Being an indoor bird I would stay away from pellets and just use grain. Can you post a pic, we like pics here.
Dave


----------



## brownee (Aug 9, 2011)

Here is Brownee helping me in the office


----------



## jcorbpc (Aug 5, 2011)

Nice looking bird.


----------



## horseart4u (Jun 16, 2011)

he is so cute  i feed pigeon feed that i get either from a place i order off line or on EBAY..if there is any feed stores close to you see if they sell pigeon feed loose or in small bags, they usually come in 25 or 50 lbs bags..


----------



## jcorbpc (Aug 5, 2011)

Where are you located?


----------



## sport14692 (Jan 3, 2011)

How much do you pay Brownee per hour to help you out in the office?


----------



## brownee (Aug 9, 2011)

sport14692 said:


> How much do you pay Brownee per hour to help you out in the office?

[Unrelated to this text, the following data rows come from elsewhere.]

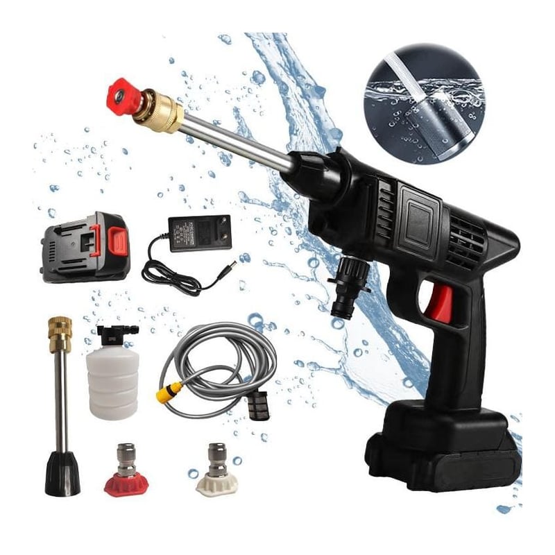 Esta ferramenta versátil inclui boquilhas de 0° e 40°, junto com uma regadera de espuma para limpar o fundo de automóveis e superfícies. Seu design inalámbrico, leve e compacto permite levá-lo para qualquer lugar e extrair água de forma rápida e fácil. Além disso, a entrega é feita com um fundo de armazenamento sólido, que facilita a manutenção de tudo organizado e transportado.
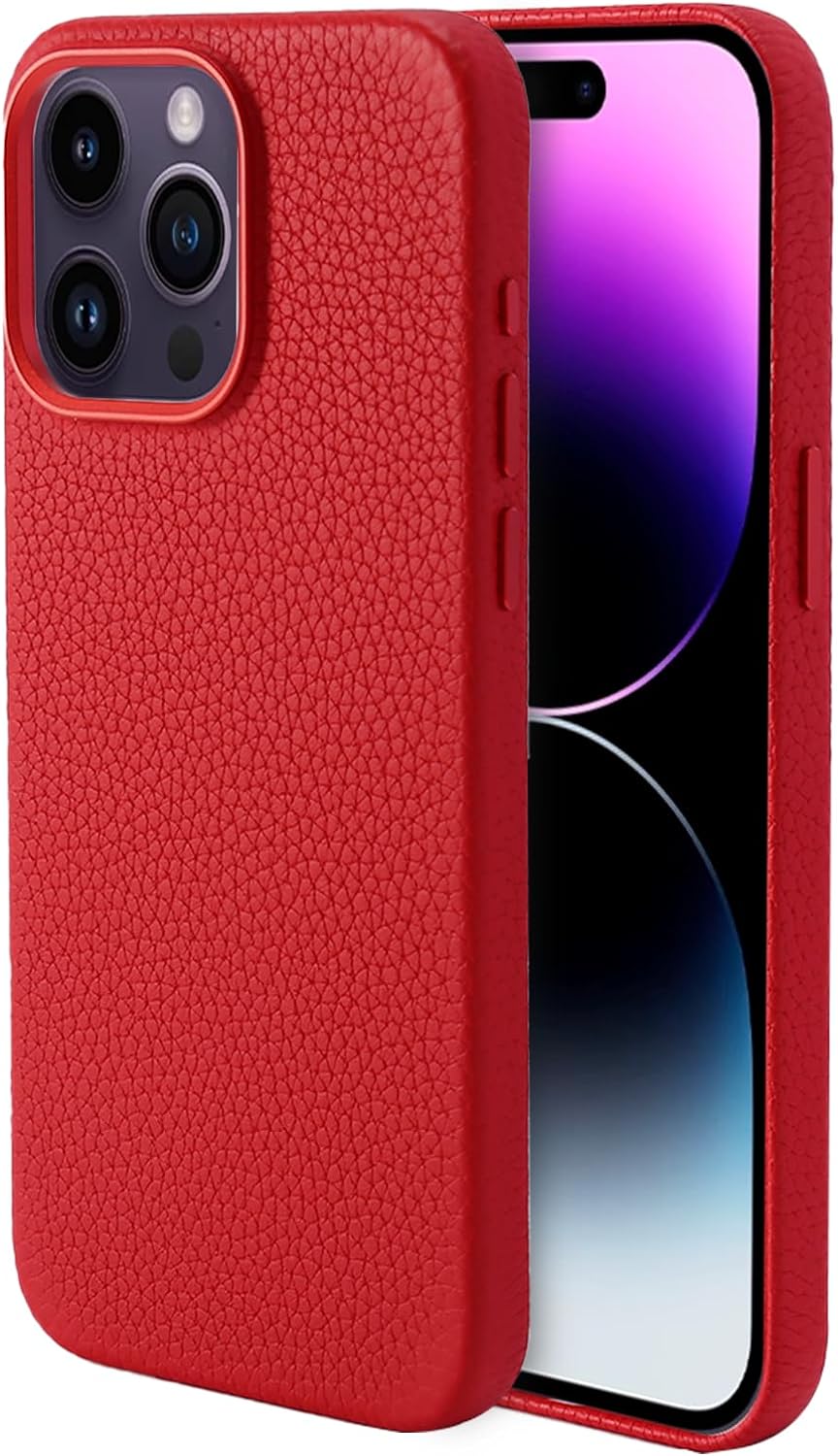 Zoof Genuine Leather Case for iPhone 15 Pro Max (6.7 inch) Top Litchi Grain Leather Magnetic Phone Case- Compatible with Magsafe - Red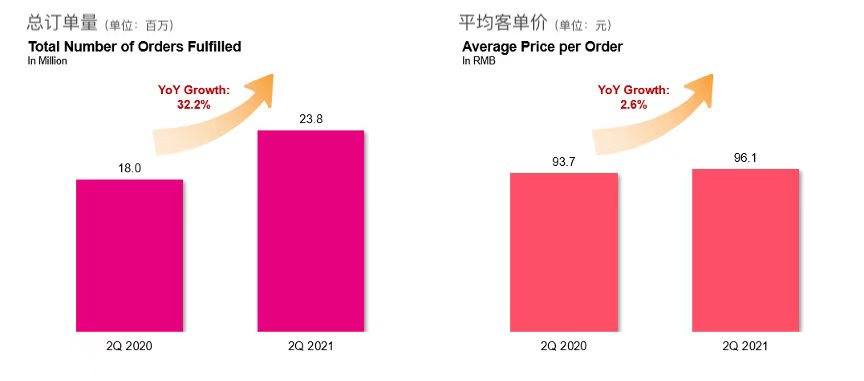 美东时间8月26日美股收盘后,社区零售企业每日优鲜(NASDAQ:MF)发布了截至2021年6月30日的第二季度业绩报告。财报显示在2021年第二季度,每日优鲜净收入同比增长40.7%%至18.9亿元,GMV同比增长35.4%至23.1亿元,订单量同比增长32.2%至2380万单,整体业务进入高速增长新阶段。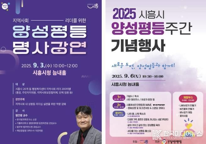 [ 한국미디어뉴스 이보영 기자 ] 시흥시는 ‘2025년 양성평등주간(9월 1일~7일)’을 맞아 시민 누구나 참여할 수 있는 다양한 프로그램을 마련했다. ‘양성평등주간’이란 정치ㆍ경제ㆍ사회 모든 영역에서 성별에 따른 차별 없는 평등한 사회를 만들고자 법으로 지정한 주간이다.

He is an intern so I don't have to pay him anything  lol


----------



## Bird Crazy (Aug 9, 2011)

Brownee sure is a beautiful bird. Love the brown white combination.Best of luck with him. I feed the wild pigeons here and have only ever seen the brown/white combination twice in the 15 years I've been doing it. I think it's great he helps you out in the office - and for fee too. LOL I guess you could say he works for peanuts. LOL

I feed Hagen's pigeon food to my pet pigeon. I buy it in 25 lb bags at a local pet supply store and he seems to do quite well on it.


----------



## Ross Howard (Nov 26, 2009)

Wild Bird Seed /no corn / small blk sunflower seeds works well & u can buy small amounts as needed for 1 pigeon at WalMArt or hardware store. Looks like roller to me. good luck.


----------